In deze zaak heeft de Rechtbank Den Haag op 29 april 2022 uitspraak gedaan in een asielprocedure waarbij de eiser, een Marokkaanse nationaliteit, een verblijfsvergunning asiel voor bepaalde tijd had aangevraagd. De aanvraag werd door de Staatssecretaris van Justitie en Veiligheid afgewezen als kennelijk ongegrond. Eiser heeft zijn aanvraag ingediend op basis van medische zorg die hij in Marokko niet zou kunnen krijgen. De rechtbank heeft vastgesteld dat de verklaringen van eiser over zijn medische situatie niet relevant zijn voor de beoordeling van zijn asielaanvraag, omdat deze geen raakvlakken hebben met het Vluchtelingenverdrag en er geen schending van artikel 3 van het EVRM is aangetoond.
De rechtbank heeft verder overwogen dat Marokko als veilig land van herkomst is aangemerkt en dat eiser niet aannemelijk heeft gemaakt dat hij in zijn specifieke geval niet veilig is. Eiser heeft aangevoerd dat hij vreest voor vervolging in Marokko vanwege een eerdere veroordeling in Spanje, maar de rechtbank oordeelt dat hij niet voldoende bewijs heeft geleverd om deze vrees te onderbouwen. De rechtbank concludeert dat de Staatssecretaris terecht heeft geoordeeld dat er geen concrete aanknopingspunten zijn dat Marokko zijn verdragsverplichtingen niet zal nakomen ten aanzien van eiser.

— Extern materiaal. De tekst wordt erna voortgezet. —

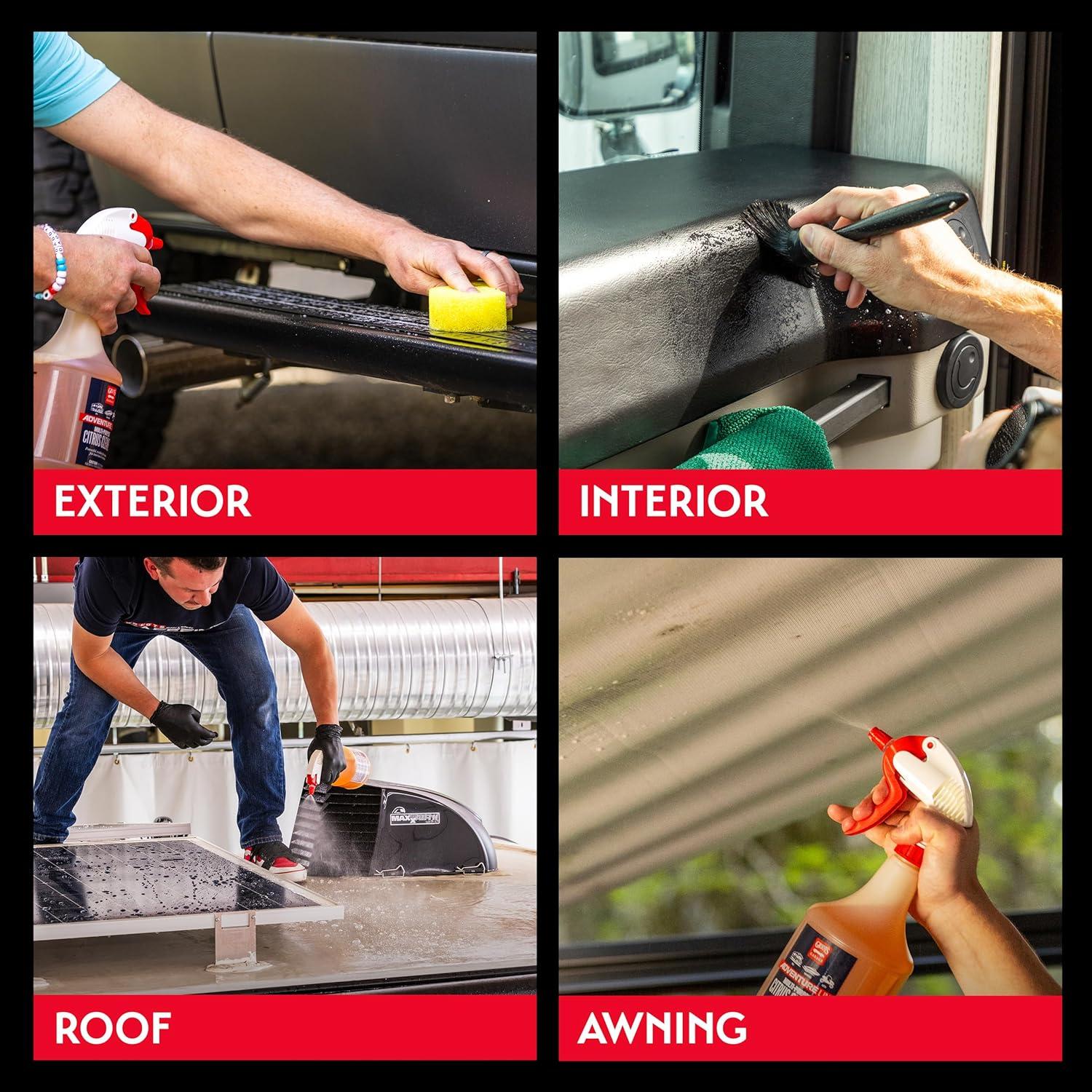 Hit the road with confidence and keep your home-on-wheels looking its best with our Multi-Purpose Citrus Cleaner—an essential addition to your RV cleaning supplies. This powerful D-limonene formula works fast to remove black streaks, engine grease, road grime, and more. Pre-diluted at a 4:1 ratio, this boat hull cleaner is ready to use straight from the bottle; no mixing or measuring needed. This camper cleaner is safe on a wide range of surfaces including fiberglass, gelcoat, vinyl, chrome, rubber, plastic, and even carpet, making it a fantastic all purpose car cleaner for both interior and exterior use. Need an effective RV awning cleaner or a gentle yet tough RV carpet cleaner? This one product does it all. It also doubles as a camper exterior cleaner, tackling tough buildup on your trailer’s surface so you can enjoy a clean, polished look wherever you roam. From long road trips to weekend getaways, this versatile cleaner saves you time and effort so you can focus on the adventure. Trust it to keep your RV, camper, or trailer spotless and ready for the next journey. One solution—many applications.

De rechtbank verklaart het beroep ongegrond en bevestigt de afwijzing van de asielaanvraag. Eiser komt niet in aanmerking voor toelating op grond van de Vreemdelingenwet 2000, en er is geen aanleiding voor een proceskostenveroordeling. De uitspraak is openbaar gemaakt en er staat hoger beroep open bij de Afdeling bestuursrechtspraak van de Raad van State binnen één week na bekendmaking.